- WORK ORDER -
The answer consists only of the lines from the beginning of the listing below to the line holding "事实上,目前佛山禅医射波刀技", inclusive, with every picture removed.
Top of GIVEN MATERIAL
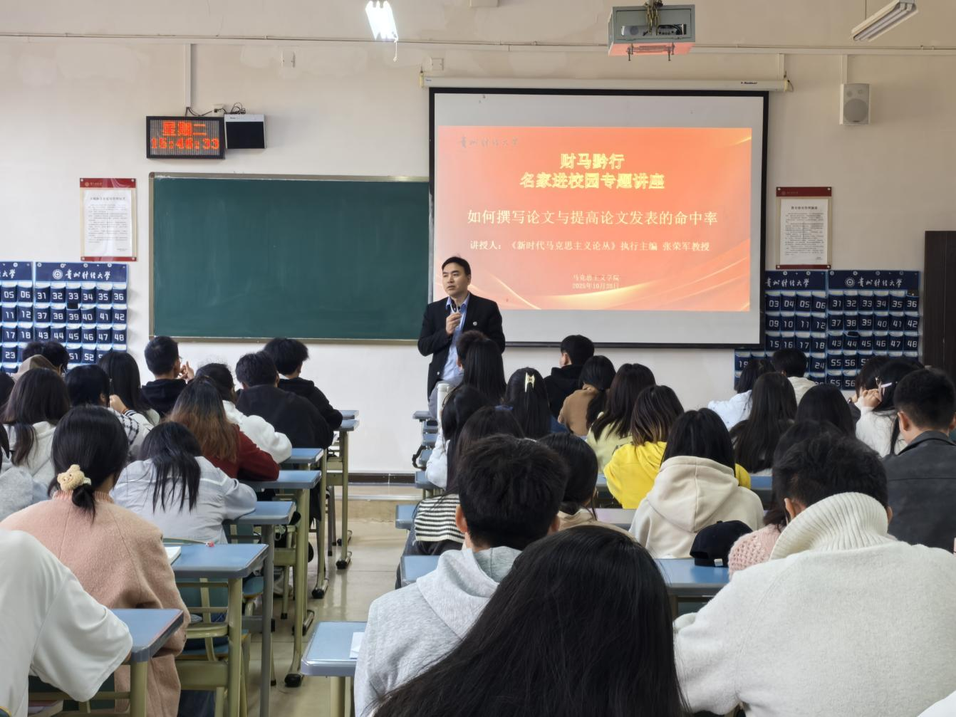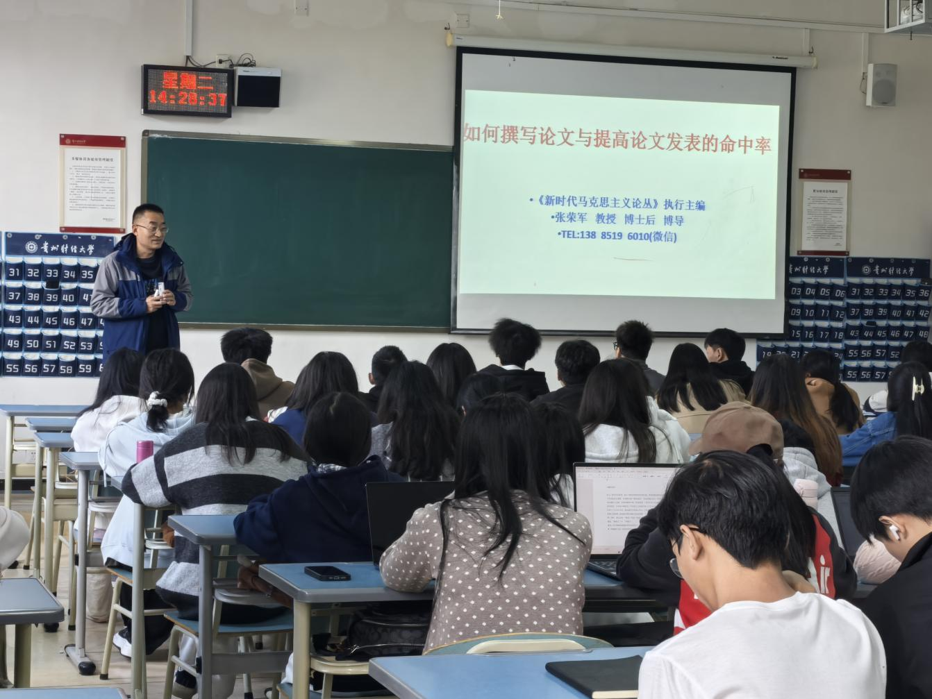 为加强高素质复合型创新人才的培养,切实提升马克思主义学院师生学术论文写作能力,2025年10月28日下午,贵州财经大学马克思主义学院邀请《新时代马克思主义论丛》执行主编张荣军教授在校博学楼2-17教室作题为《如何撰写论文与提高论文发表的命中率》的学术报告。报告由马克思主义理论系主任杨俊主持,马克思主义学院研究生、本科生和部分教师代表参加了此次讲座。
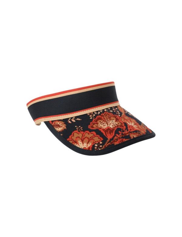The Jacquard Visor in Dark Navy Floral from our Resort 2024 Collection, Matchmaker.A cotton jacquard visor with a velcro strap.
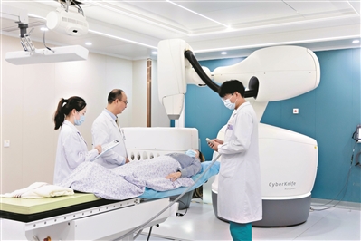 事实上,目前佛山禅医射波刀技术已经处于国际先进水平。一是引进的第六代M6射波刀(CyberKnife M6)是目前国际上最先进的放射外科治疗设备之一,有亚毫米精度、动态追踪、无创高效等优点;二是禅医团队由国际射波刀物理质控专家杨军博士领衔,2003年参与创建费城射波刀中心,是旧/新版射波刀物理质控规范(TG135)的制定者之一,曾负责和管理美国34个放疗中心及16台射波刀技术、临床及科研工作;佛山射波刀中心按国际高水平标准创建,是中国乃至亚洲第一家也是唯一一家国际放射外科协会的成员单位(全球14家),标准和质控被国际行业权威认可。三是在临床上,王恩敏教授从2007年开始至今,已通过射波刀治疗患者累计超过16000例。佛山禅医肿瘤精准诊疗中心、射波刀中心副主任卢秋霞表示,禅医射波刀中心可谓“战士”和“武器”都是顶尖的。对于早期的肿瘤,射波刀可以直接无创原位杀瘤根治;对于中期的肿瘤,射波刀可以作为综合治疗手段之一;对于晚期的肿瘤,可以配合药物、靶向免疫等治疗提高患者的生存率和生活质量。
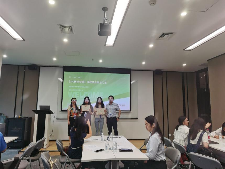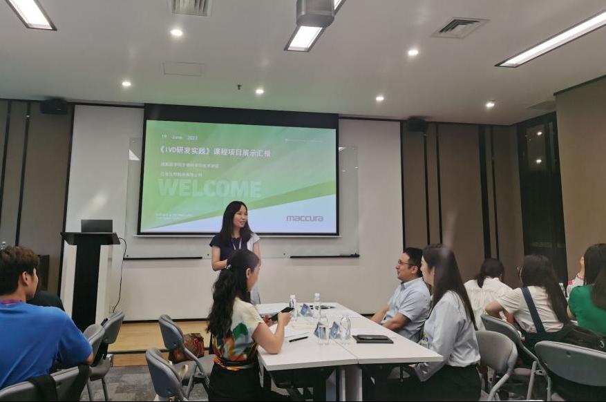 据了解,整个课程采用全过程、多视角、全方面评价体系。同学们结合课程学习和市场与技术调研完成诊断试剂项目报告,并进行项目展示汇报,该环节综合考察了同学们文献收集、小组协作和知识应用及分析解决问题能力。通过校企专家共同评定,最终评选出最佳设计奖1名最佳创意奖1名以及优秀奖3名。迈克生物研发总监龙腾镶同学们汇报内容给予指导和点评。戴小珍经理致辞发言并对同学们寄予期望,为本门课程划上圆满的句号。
Bottom of GIVEN MATERIAL
- TASK RESULT -
 为加强高素质复合型创新人才的培养,切实提升马克思主义学院师生学术论文写作能力,2025年10月28日下午,贵州财经大学马克思主义学院邀请《新时代马克思主义论丛》执行主编张荣军教授在校博学楼2-17教室作题为《如何撰写论文与提高论文发表的命中率》的学术报告。报告由马克思主义理论系主任杨俊主持,马克思主义学院研究生、本科生和部分教师代表参加了此次讲座。
The Jacquard Visor in Dark Navy Floral from our Resort 2024 Collection, Matchmaker.A cotton jacquard visor with a velcro strap.
 事实上,目前佛山禅医射波刀技术已经处于国际先进水平。一是引进的第六代M6射波刀(CyberKnife M6)是目前国际上最先进的放射外科治疗设备之一,有亚毫米精度、动态追踪、无创高效等优点;二是禅医团队由国际射波刀物理质控专家杨军博士领衔,2003年参与创建费城射波刀中心,是旧/新版射波刀物理质控规范(TG135)的制定者之一,曾负责和管理美国34个放疗中心及16台射波刀技术、临床及科研工作;佛山射波刀中心按国际高水平标准创建,是中国乃至亚洲第一家也是唯一一家国际放射外科协会的成员单位(全球14家),标准和质控被国际行业权威认可。三是在临床上,王恩敏教授从2007年开始至今,已通过射波刀治疗患者累计超过16000例。佛山禅医肿瘤精准诊疗中心、射波刀中心副主任卢秋霞表示,禅医射波刀中心可谓“战士”和“武器”都是顶尖的。对于早期的肿瘤,射波刀可以直接无创原位杀瘤根治;对于中期的肿瘤,射波刀可以作为综合治疗手段之一;对于晚期的肿瘤,可以配合药物、靶向免疫等治疗提高患者的生存率和生活质量。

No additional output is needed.